Dual role raises ethical questions

Man paid by manufacturer of Xenadrine a reporter at Bechler news conference

March 15, 2003|By David Folkenflik | David Folkenflik,SUN TELEVISION WRITER

As Broward County (Fla.) medical examiner Joshua Perper set out his conclusions in the death of Orioles pitcher Steve Bechler at a news conference Thursday, one person distinguished himself from the rest of the media pack.

A New York Police Department press pass hung around Bryan Glazer's neck, and he wore a CNN pin on the lapel of his suit. But his questions were far more aggressive than those posed by the reporters sent by magazines, newspapers and television stations. And Glazer, a former Florida local reporter, was paid by a very different kind of employer: the manufacturer of the dietary supplement implicated by Perper in Bechler's death.

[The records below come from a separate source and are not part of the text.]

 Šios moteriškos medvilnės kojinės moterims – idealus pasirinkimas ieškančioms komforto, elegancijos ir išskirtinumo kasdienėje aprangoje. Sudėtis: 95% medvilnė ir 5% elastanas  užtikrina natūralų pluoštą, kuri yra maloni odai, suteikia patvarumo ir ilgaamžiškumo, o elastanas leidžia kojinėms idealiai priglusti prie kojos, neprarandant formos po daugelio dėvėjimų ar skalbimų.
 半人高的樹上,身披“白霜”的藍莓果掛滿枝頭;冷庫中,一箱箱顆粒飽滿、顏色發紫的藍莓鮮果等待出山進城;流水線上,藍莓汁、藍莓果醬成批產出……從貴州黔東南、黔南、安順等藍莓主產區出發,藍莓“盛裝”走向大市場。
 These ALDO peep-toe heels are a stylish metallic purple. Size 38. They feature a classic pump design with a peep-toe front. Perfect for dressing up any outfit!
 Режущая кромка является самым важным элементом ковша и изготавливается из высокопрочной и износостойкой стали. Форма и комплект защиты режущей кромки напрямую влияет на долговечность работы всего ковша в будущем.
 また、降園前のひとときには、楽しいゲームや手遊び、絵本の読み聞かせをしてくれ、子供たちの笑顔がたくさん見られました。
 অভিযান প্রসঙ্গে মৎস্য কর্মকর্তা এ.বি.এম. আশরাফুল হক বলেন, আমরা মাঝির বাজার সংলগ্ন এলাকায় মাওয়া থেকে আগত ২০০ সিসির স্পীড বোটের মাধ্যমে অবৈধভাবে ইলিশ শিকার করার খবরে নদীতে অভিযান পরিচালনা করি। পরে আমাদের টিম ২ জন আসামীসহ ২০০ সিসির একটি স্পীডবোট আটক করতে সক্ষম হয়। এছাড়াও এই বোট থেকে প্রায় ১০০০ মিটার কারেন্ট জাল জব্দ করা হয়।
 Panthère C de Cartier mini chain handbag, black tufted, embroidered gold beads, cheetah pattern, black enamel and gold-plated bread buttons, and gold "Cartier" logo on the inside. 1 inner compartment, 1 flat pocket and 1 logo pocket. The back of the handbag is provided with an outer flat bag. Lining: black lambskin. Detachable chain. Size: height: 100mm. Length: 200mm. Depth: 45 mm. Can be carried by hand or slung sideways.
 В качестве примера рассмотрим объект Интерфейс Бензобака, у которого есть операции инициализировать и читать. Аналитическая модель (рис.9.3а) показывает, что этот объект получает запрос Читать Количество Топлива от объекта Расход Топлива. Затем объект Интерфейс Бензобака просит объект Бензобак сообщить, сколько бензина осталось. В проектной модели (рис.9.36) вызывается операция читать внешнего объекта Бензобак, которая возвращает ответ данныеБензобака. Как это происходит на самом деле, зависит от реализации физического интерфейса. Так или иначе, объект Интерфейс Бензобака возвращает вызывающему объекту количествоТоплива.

Glazer is president and executive producer for World Satellite Television News. The small firm, with five full-time employees, tapes interviews and does public relations work for private clients. It has offices in Florida and New York.

But he plays an unusually ambidextrous role as pitchman and correspondent: Glazer has done freelance reporting for CNN's feed for affiliate stations and other major outlets. Currently, however, his client is Cytodyne, which makes Xenadrine RFA-1. Bechler used the ephedrine-based pills, which are believed to help in weight reduction.

"I'm not a person disguised as a TV reporter," said Glazer, who later acknowledged his role to those who asked his identity. "I'm a hired gun TV reporter ... I have credibility on both sides."

He said he was only appearing at the news conference because the media coverage of the effects of ephedrine had become wildly unbalanced in the wake of Bechler's death last month. Glazer and his camera crew produced a "video news release."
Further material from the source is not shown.